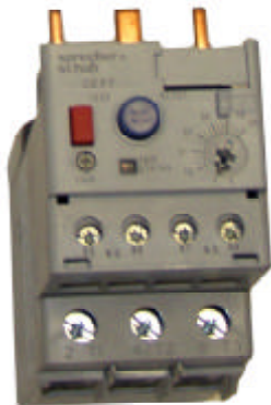
P/N STARTER-HEATER-RLY CEP7-EEFD FOR CA7-30 TO CA7-43 / 9-45AMP
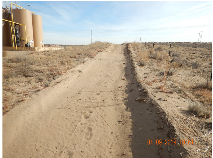
Photo 10. Photo taken from the southwestern perimeter of the location, facing East. See comments under Photo 9.
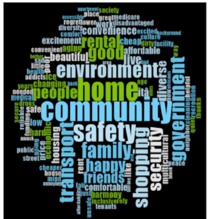
Social housing responses
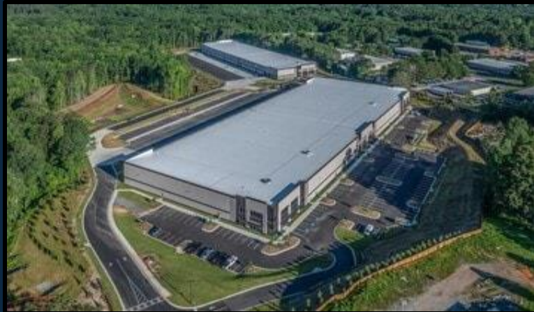
NORTH ATLANTA COMMERCE CENTER
* * *
Exactly repeat every line from the line that includes "Social housing responses" to the end of the listing, and nothing else, leaving pictures out.

▶ RESULT BELOW
Social housing responses
NORTH ATLANTA COMMERCE CENTER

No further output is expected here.